Extract every record, exactly as written, and ignore the pictures.

-- -- --

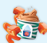
Salted Caramel Gelato
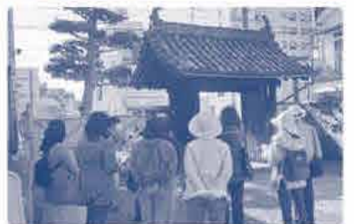
過去の戦跡めぐりの写真です
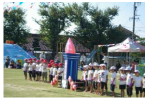
幼保、それぞれの個性をいかして
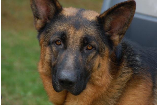
Fig. 13: Thor.
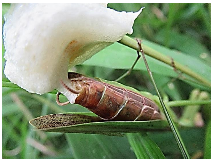
オオカマキリの産卵
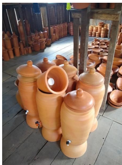
Figura 65 - Filtro de barro

Legenda: Filtro de barro
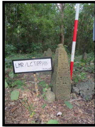
Foto 4: Salah satu batu nisan Plak Pleng di wilayah Lhok Cut (SEL 2)
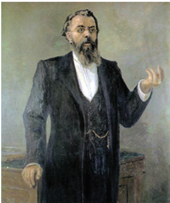
Foto 17. Portretul Profesorului Nicolai Sclifosovschi, făcut la prezentarea unei prelegeri din cursul de chirurgie de facultate pentru medici cursiști ai Institutului Clinic Imperial al Marii Ducese Elena Pavlovna din Sanct-Petersburg, a.1896.

Autoritatea lui Sclifosovschi în lumea medicală de atunci a devenit într-adevăr incontestabilă [2].
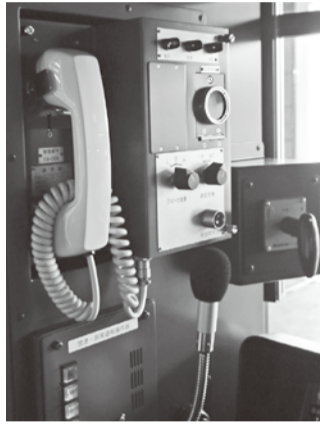
… 列車無線と放送装置 …

八月二二日(木)、烏丸線新造車両の導入に向けて、神戸市交通局の新造車両六〇〇〇形を見学するため、電車部一六名で名谷車両基地を訪ねた。今年四月から営業運転を行っている車両は、これまで以上にバリアフリー化と快適性を向上させ、安全性を高めた省エネ化にも力を入れた設計となっており、参考にするところは多くあった。初めに、車内を明るく見せる工夫など、車両についての概要説明を受け、室内の状況や、床下機器、運転席の配置などを実車で確認した。また、運転指令と乗務区を見学した後、意見交換会を行った。その場では「デジタルメーターは反応が遅い」といった新システムの使い勝手や、導入にあたっての注意点など貴重なアドバイスを頂いた。この間、電車部では新造車両の導入決定後、甲側との連絡を密に取り、適宜仕様についての協議を重ねてきた。昨年には東京メトロの新造車や西武鉄道のバリアフリー化対策、横浜市交通局でのホーム柵の運用を視察し、最新の車両設備や安全装置について、しっかりと情報共有を行ってきた。今後の詳細設計にでも、安全で使いやすい車両となるよう、今回の視察での経験を大いに生かしていきたい。
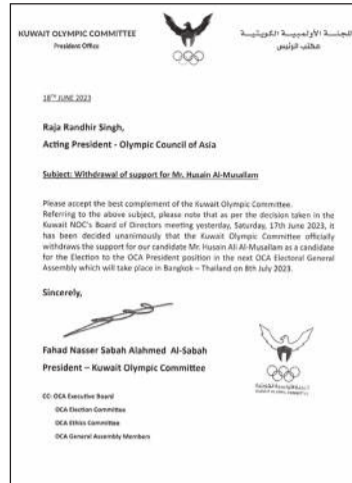
صورة ضوئية لكتاب اللجنة الأولمبية إلى القائم بأعمال رئيس المجلس الأولمبي الآسيوي

-- -- --

## Completed task
Salted Caramel Gelato
過去の戦跡めぐりの写真です
幼保、それぞれの個性をいかして
Fig. 13: Thor.
オオカマキリの産卵
Figura 65 - Filtro de barro

Legenda: Filtro de barro
Foto 4: Salah satu batu nisan Plak Pleng di wilayah Lhok Cut (SEL 2)
Foto 17. Portretul Profesorului Nicolai Sclifosovschi, făcut la prezentarea unei prelegeri din cursul de chirurgie de facultate pentru medici cursiști ai Institutului Clinic Imperial al Marii Ducese Elena Pavlovna din Sanct-Petersburg, a.1896.

Autoritatea lui Sclifosovschi în lumea medicală de atunci a devenit într-adevăr incontestabilă [2].
… 列車無線と放送装置 …

八月二二日(木)、烏丸線新造車両の導入に向けて、神戸市交通局の新造車両六〇〇〇形を見学するため、電車部一六名で名谷車両基地を訪ねた。今年四月から営業運転を行っている車両は、これまで以上にバリアフリー化と快適性を向上させ、安全性を高めた省エネ化にも力を入れた設計となっており、参考にするところは多くあった。初めに、車内を明るく見せる工夫など、車両についての概要説明を受け、室内の状況や、床下機器、運転席の配置などを実車で確認した。また、運転指令と乗務区を見学した後、意見交換会を行った。その場では「デジタルメーターは反応が遅い」といった新システムの使い勝手や、導入にあたっての注意点など貴重なアドバイスを頂いた。この間、電車部では新造車両の導入決定後、甲側との連絡を密に取り、適宜仕様についての協議を重ねてきた。昨年には東京メトロの新造車や西武鉄道のバリアフリー化対策、横浜市交通局でのホーム柵の運用を視察し、最新の車両設備や安全装置について、しっかりと情報共有を行ってきた。今後の詳細設計にでも、安全で使いやすい車両となるよう、今回の視察での経験を大いに生かしていきたい。
صورة ضوئية لكتاب اللجنة الأولمبية إلى القائم بأعمال رئيس المجلس الأولمبي الآسيوي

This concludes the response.